▶ **INSTRUCTIONS FOR THE TASK**: Starting at the line that contains "a dog print." and stopping at the line that contains "この演出の特徴としては最後の", transcribe every line of the material below exactly; pictures stay out.

▶ **PROVIDED MATERIAL**:

# # # # #

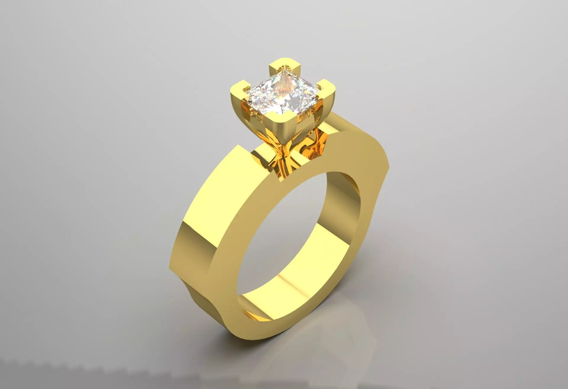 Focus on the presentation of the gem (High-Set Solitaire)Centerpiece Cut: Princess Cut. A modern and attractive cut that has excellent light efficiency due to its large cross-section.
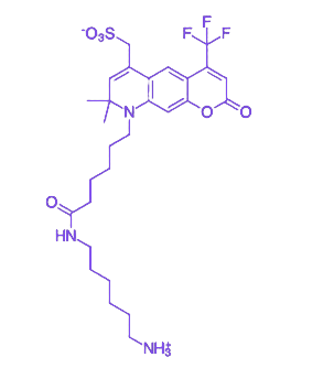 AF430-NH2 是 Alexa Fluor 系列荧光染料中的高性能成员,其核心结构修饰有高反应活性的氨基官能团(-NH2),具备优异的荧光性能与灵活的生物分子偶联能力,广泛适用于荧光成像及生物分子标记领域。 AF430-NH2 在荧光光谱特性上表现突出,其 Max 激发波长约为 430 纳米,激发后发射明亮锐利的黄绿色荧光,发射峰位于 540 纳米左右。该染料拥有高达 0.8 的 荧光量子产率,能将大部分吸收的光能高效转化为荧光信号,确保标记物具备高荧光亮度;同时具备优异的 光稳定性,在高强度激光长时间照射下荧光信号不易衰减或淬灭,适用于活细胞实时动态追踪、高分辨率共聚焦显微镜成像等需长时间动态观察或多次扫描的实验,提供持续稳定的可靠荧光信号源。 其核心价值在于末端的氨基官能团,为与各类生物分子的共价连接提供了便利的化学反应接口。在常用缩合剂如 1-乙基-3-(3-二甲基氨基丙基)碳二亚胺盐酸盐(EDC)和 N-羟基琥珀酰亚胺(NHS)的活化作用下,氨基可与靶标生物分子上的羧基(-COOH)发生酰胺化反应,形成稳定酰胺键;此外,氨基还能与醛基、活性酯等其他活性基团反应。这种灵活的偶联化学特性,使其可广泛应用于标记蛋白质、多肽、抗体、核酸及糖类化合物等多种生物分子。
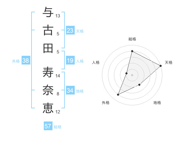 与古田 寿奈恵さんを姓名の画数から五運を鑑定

# # # # #

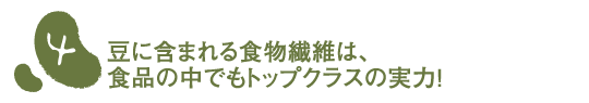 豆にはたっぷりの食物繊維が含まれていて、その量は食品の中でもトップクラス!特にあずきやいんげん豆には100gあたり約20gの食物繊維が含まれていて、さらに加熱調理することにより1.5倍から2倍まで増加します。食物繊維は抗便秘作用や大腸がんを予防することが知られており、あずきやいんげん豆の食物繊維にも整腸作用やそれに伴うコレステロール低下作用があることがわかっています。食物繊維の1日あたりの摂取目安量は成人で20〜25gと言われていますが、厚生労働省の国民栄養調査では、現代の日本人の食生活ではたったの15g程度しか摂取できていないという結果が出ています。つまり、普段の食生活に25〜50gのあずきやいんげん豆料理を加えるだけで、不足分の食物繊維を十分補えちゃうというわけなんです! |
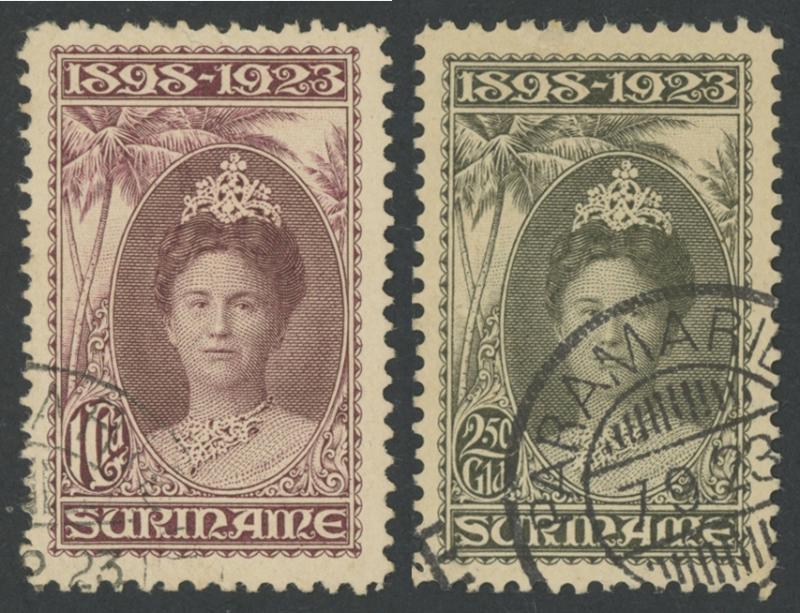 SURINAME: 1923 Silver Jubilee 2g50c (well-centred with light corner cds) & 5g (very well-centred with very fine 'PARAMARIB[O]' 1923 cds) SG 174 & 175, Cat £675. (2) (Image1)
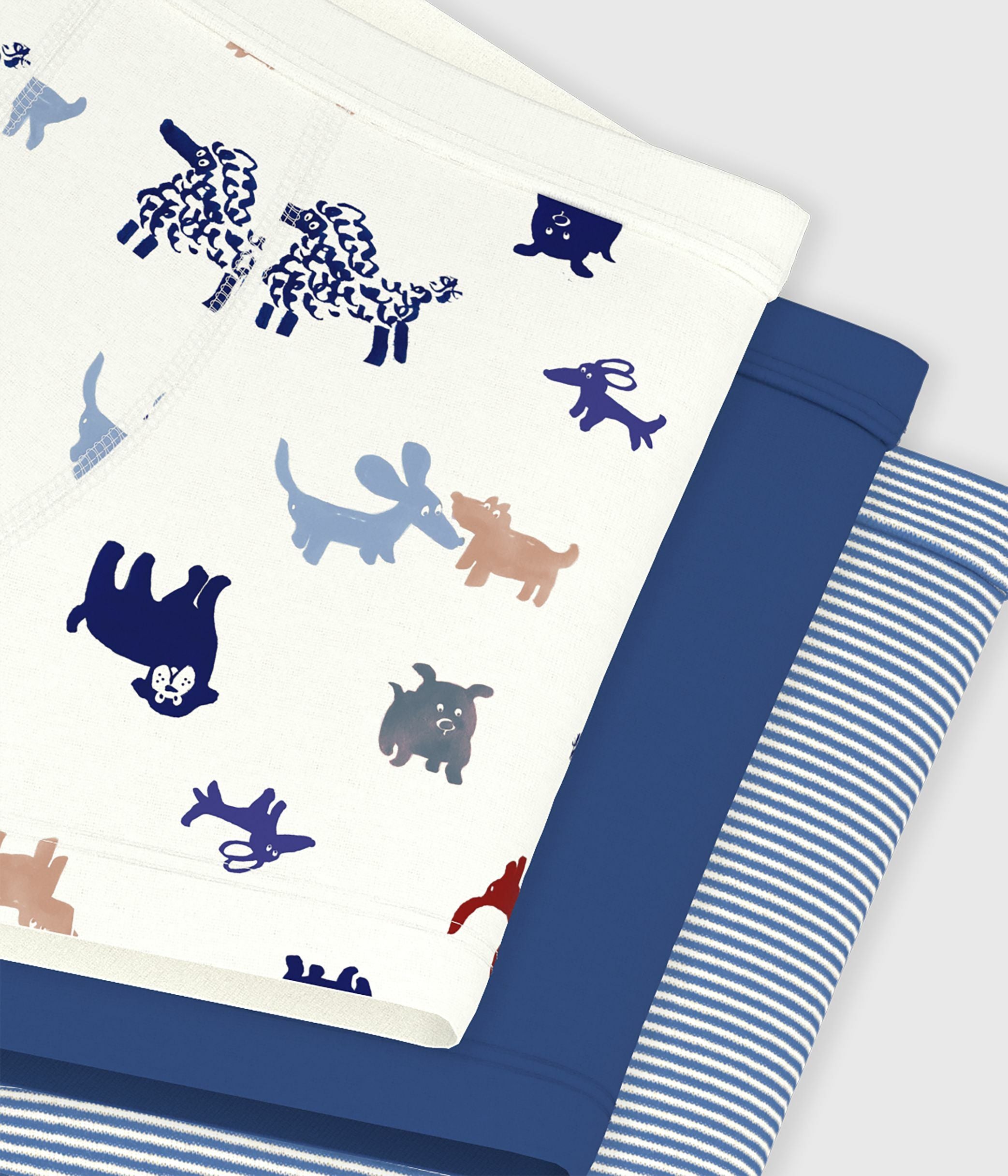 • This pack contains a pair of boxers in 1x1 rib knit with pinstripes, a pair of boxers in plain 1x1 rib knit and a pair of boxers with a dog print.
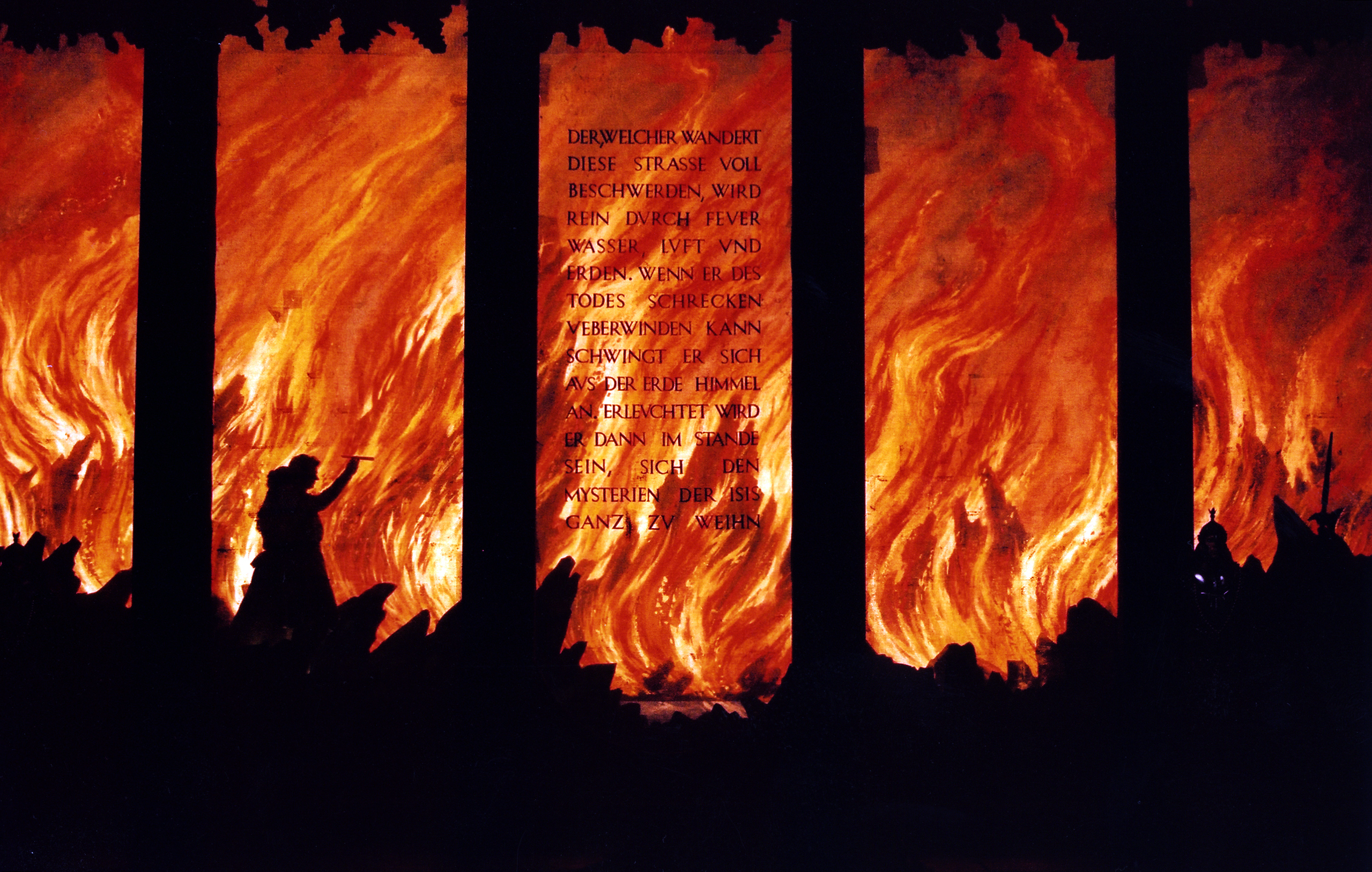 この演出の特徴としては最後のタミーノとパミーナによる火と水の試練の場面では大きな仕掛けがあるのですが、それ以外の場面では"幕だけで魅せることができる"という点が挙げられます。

# # # # #

▶ **YOUR RESPONSE**:
 • This pack contains a pair of boxers in 1x1 rib knit with pinstripes, a pair of boxers in plain 1x1 rib knit and a pair of boxers with a dog print.
 この演出の特徴としては最後のタミーノとパミーナによる火と水の試練の場面では大きな仕掛けがあるのですが、それ以外の場面では"幕だけで魅せることができる"という点が挙げられます。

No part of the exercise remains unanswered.